What to work on: Take nothing but the lines from the one with "柿内 小町さんの総格は23画の5点!" through the one with "整个西班牙的进攻左倾幅度非常厉害,左路进攻比例达到了百分之40几,图5。" in the entries below, both ends kept, and return them exactly with pictures left out.

Records to use:
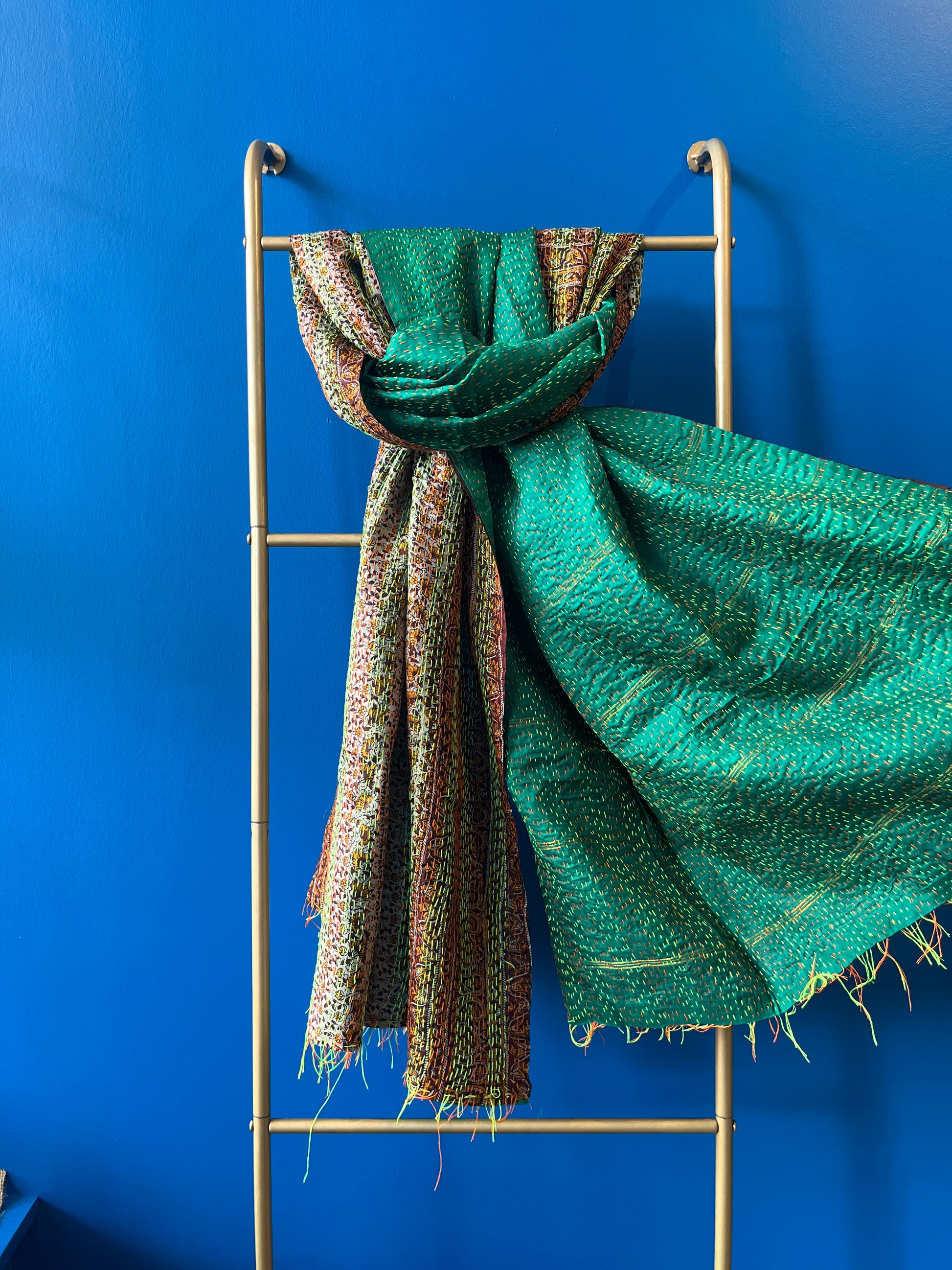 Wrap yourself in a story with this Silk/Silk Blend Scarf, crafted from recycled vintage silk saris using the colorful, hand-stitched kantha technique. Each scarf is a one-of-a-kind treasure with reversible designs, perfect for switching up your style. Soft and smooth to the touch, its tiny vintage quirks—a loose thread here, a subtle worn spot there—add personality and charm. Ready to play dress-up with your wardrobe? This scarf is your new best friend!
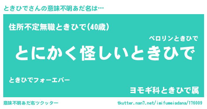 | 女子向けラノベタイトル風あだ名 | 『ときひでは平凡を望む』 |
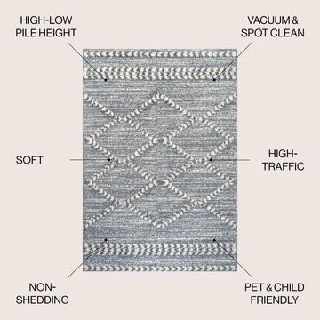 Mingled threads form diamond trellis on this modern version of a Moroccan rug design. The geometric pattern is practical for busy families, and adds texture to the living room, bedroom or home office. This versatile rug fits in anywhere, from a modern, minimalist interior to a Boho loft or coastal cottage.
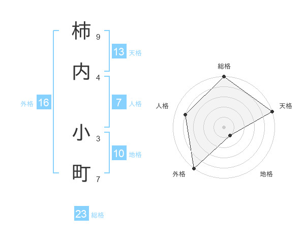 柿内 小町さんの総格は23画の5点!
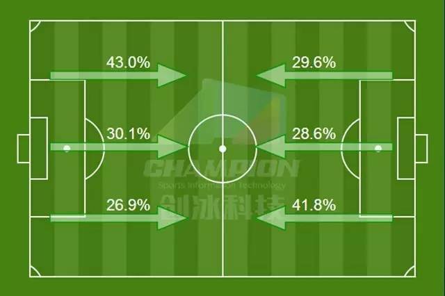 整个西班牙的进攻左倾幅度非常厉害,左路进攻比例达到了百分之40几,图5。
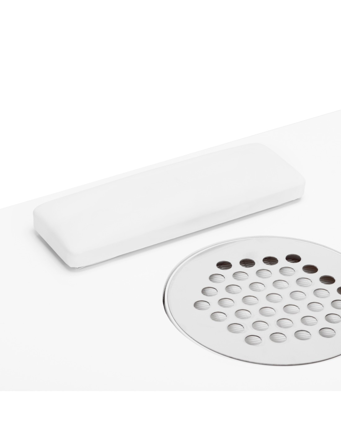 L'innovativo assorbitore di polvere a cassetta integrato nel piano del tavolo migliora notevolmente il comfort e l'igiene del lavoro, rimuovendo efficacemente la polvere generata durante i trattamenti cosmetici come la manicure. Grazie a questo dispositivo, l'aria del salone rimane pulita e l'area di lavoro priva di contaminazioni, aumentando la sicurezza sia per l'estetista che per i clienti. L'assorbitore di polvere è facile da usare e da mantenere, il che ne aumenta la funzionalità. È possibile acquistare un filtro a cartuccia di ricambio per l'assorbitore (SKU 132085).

==

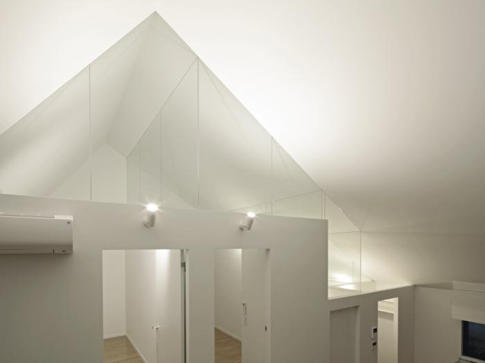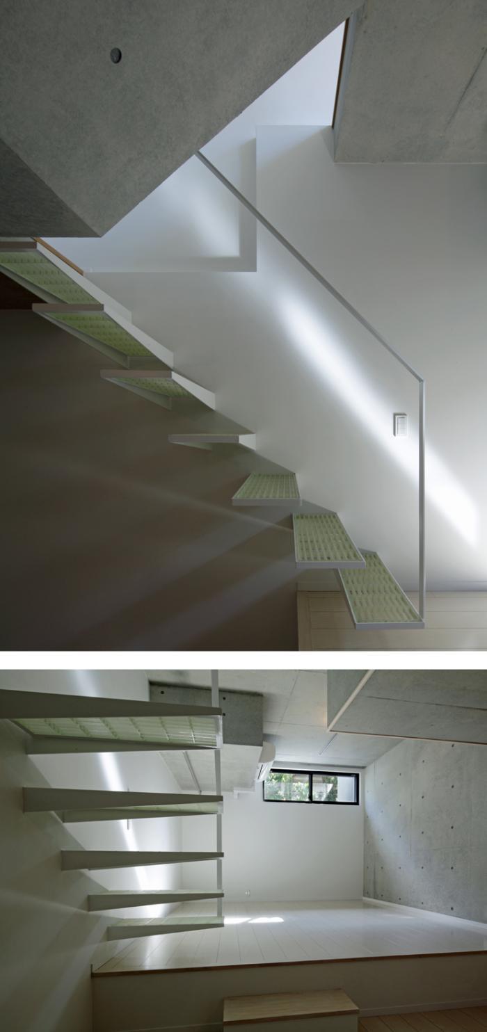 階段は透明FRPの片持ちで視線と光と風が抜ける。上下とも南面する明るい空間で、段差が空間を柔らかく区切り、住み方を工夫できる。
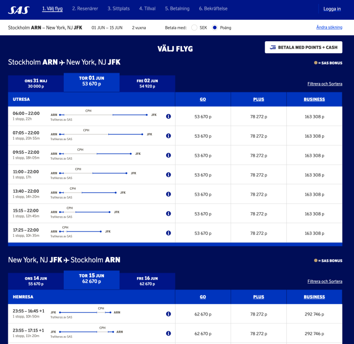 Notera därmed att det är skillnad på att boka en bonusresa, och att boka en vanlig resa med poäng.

Reply:
 柿内 小町さんの総格は23画の5点!
 整个西班牙的进攻左倾幅度非常厉害,左路进攻比例达到了百分之40几,图5。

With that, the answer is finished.